Task directions: Your answer should be an exact copy of all the entries, free of pictures.

***** Extracted entries

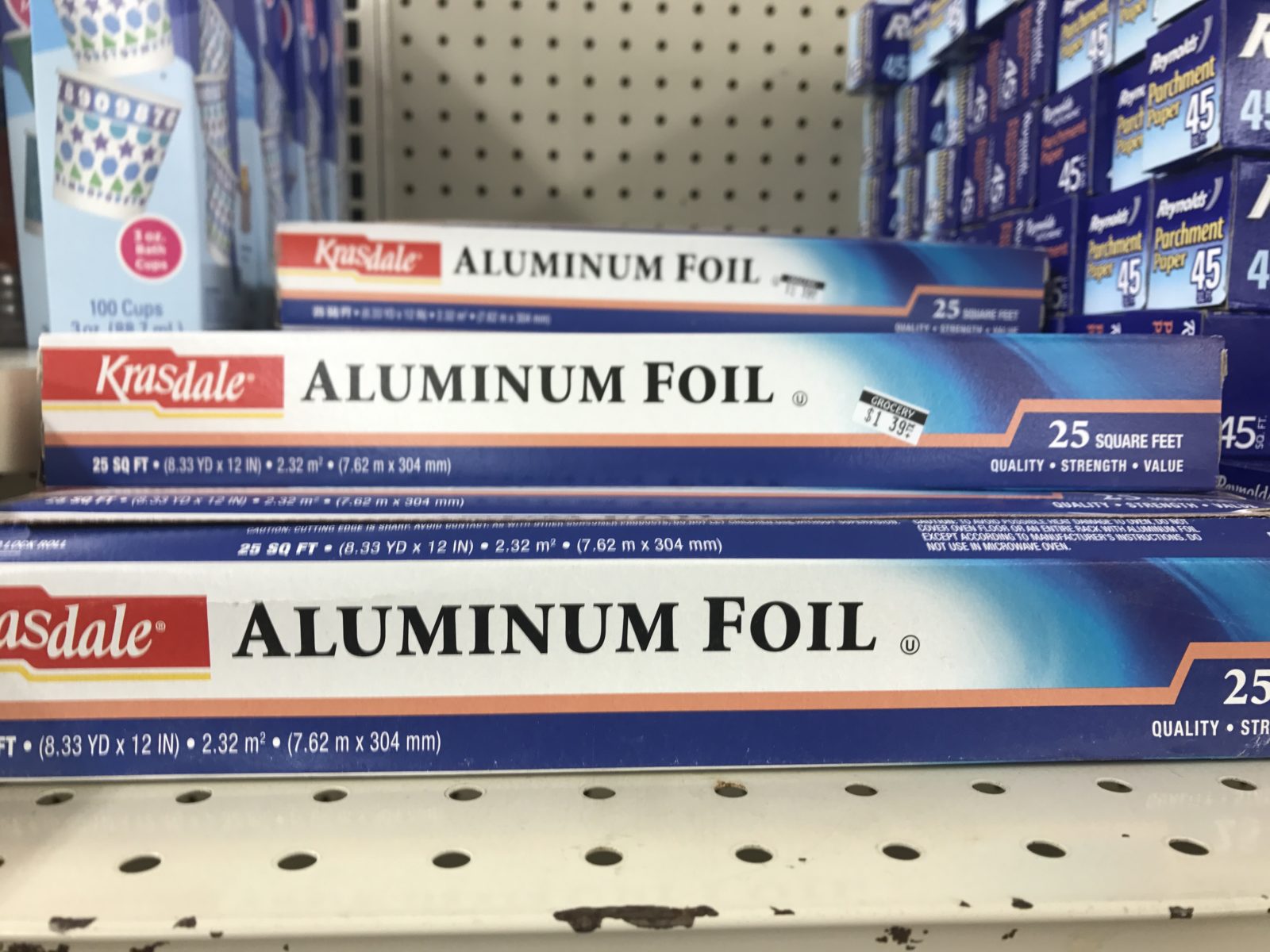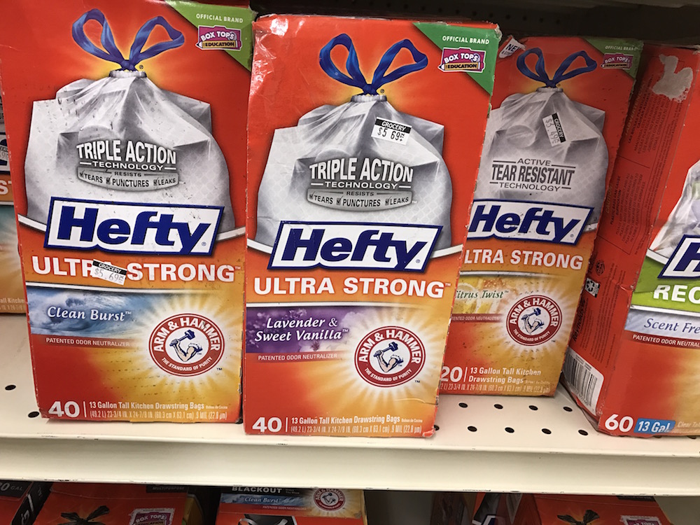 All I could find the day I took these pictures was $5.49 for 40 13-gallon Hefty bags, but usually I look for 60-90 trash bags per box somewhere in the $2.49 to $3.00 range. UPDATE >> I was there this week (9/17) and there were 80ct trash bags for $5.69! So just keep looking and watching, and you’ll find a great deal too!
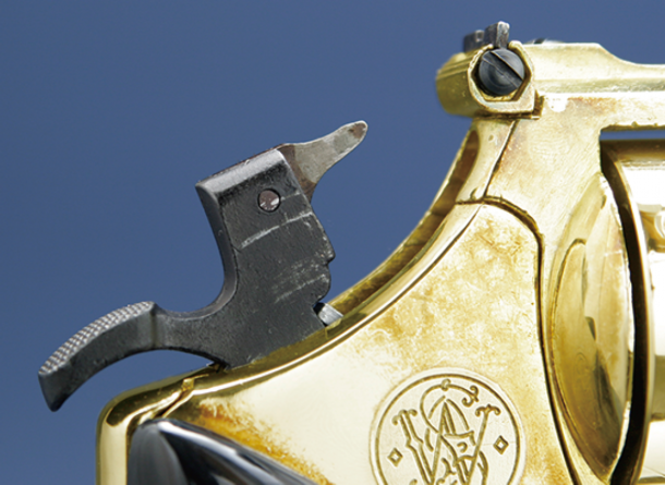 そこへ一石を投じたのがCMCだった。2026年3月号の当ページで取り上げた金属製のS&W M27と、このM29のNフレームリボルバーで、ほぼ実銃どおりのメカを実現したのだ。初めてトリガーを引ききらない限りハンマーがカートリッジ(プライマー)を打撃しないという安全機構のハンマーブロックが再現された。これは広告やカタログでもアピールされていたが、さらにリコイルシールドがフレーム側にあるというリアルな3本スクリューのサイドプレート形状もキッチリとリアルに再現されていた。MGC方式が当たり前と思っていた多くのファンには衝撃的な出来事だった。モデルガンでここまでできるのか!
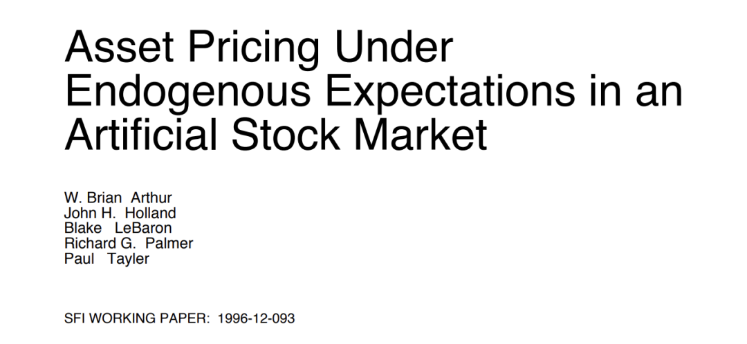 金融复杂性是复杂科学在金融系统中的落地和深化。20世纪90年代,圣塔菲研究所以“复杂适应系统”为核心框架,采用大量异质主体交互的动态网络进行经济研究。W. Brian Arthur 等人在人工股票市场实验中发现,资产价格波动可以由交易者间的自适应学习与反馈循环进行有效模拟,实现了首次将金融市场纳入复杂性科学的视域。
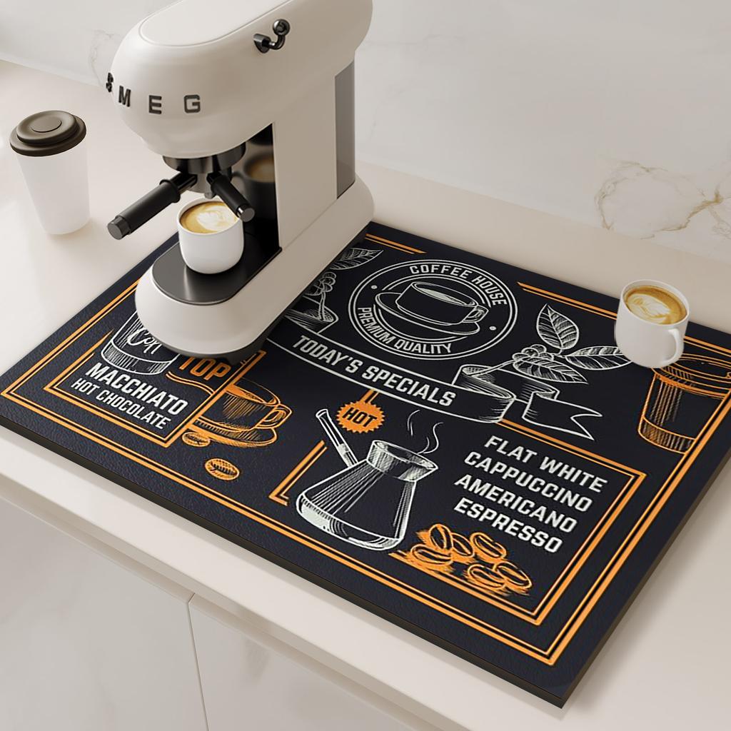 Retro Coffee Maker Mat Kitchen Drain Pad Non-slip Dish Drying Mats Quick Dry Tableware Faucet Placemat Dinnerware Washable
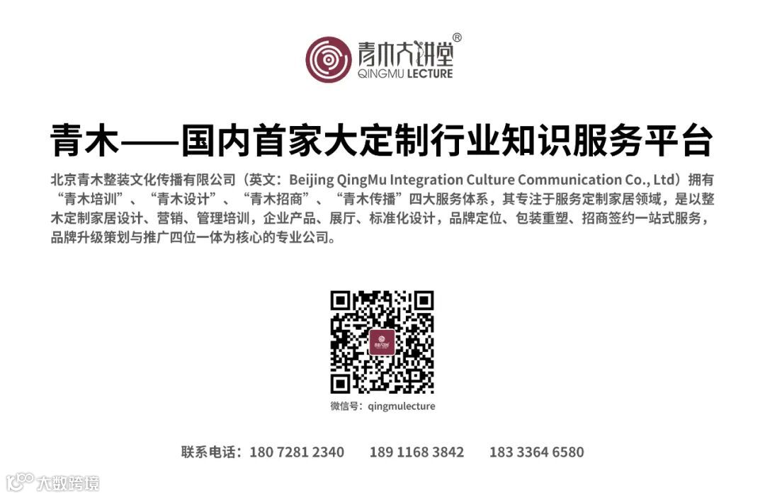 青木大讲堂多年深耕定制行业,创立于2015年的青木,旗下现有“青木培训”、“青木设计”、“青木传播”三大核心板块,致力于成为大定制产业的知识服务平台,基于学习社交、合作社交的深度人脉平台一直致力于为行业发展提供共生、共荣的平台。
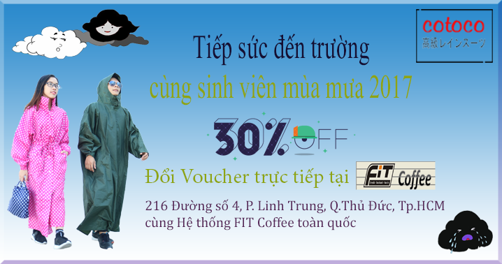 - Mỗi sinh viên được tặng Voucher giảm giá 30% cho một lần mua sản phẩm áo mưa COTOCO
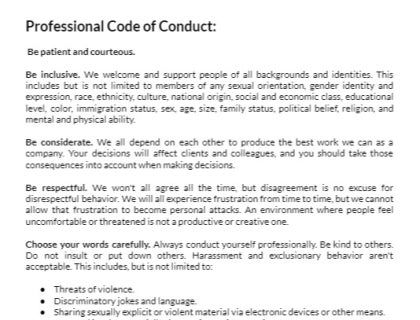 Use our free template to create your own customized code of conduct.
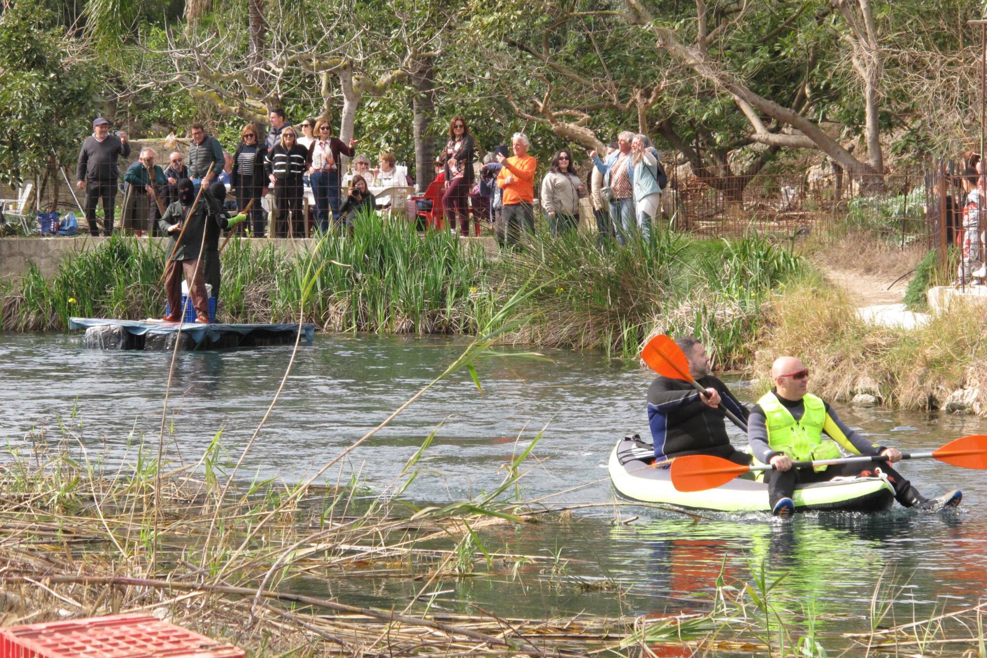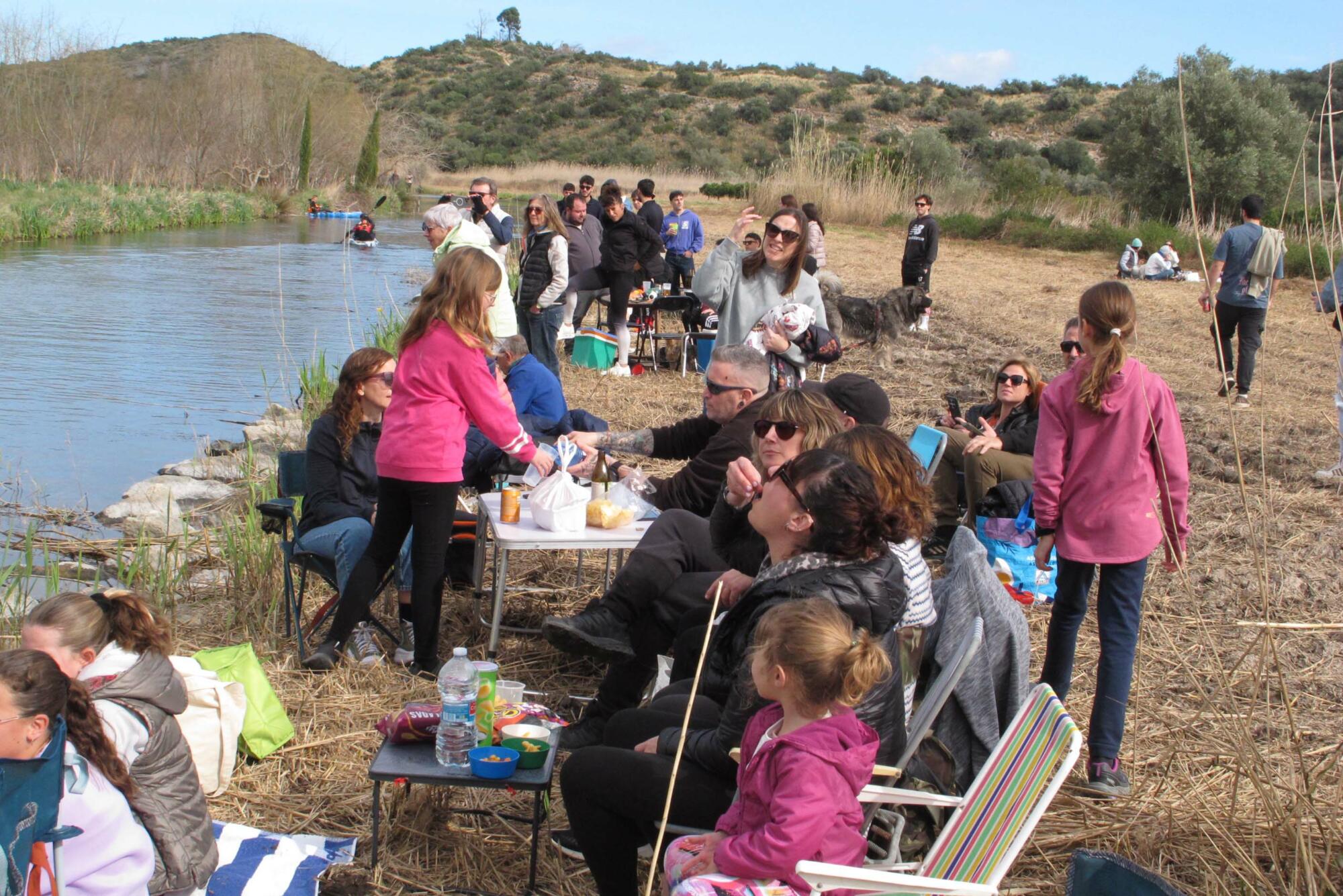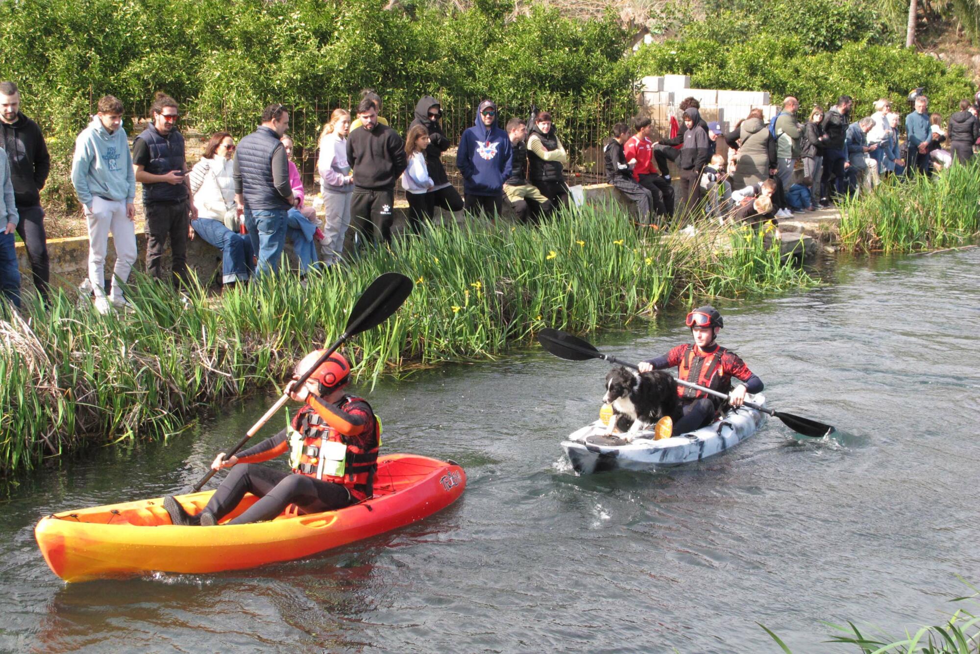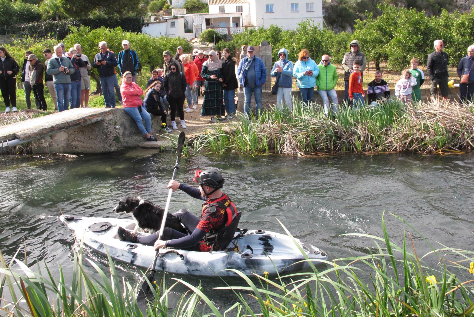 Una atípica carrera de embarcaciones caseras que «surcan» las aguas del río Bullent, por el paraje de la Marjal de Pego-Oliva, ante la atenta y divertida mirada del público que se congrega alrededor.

**********

Expected answer:
 All I could find the day I took these pictures was $5.49 for 40 13-gallon Hefty bags, but usually I look for 60-90 trash bags per box somewhere in the $2.49 to $3.00 range. UPDATE >> I was there this week (9/17) and there were 80ct trash bags for $5.69! So just keep looking and watching, and you’ll find a great deal too!
 そこへ一石を投じたのがCMCだった。2026年3月号の当ページで取り上げた金属製のS&W M27と、このM29のNフレームリボルバーで、ほぼ実銃どおりのメカを実現したのだ。初めてトリガーを引ききらない限りハンマーがカートリッジ(プライマー)を打撃しないという安全機構のハンマーブロックが再現された。これは広告やカタログでもアピールされていたが、さらにリコイルシールドがフレーム側にあるというリアルな3本スクリューのサイドプレート形状もキッチリとリアルに再現されていた。MGC方式が当たり前と思っていた多くのファンには衝撃的な出来事だった。モデルガンでここまでできるのか!
 金融复杂性是复杂科学在金融系统中的落地和深化。20世纪90年代,圣塔菲研究所以“复杂适应系统”为核心框架,采用大量异质主体交互的动态网络进行经济研究。W. Brian Arthur 等人在人工股票市场实验中发现,资产价格波动可以由交易者间的自适应学习与反馈循环进行有效模拟,实现了首次将金融市场纳入复杂性科学的视域。
 Retro Coffee Maker Mat Kitchen Drain Pad Non-slip Dish Drying Mats Quick Dry Tableware Faucet Placemat Dinnerware Washable
 青木大讲堂多年深耕定制行业,创立于2015年的青木,旗下现有“青木培训”、“青木设计”、“青木传播”三大核心板块,致力于成为大定制产业的知识服务平台,基于学习社交、合作社交的深度人脉平台一直致力于为行业发展提供共生、共荣的平台。
 - Mỗi sinh viên được tặng Voucher giảm giá 30% cho một lần mua sản phẩm áo mưa COTOCO
 Use our free template to create your own customized code of conduct.
 Una atípica carrera de embarcaciones caseras que «surcan» las aguas del río Bullent, por el paraje de la Marjal de Pego-Oliva, ante la atenta y divertida mirada del público que se congrega alrededor.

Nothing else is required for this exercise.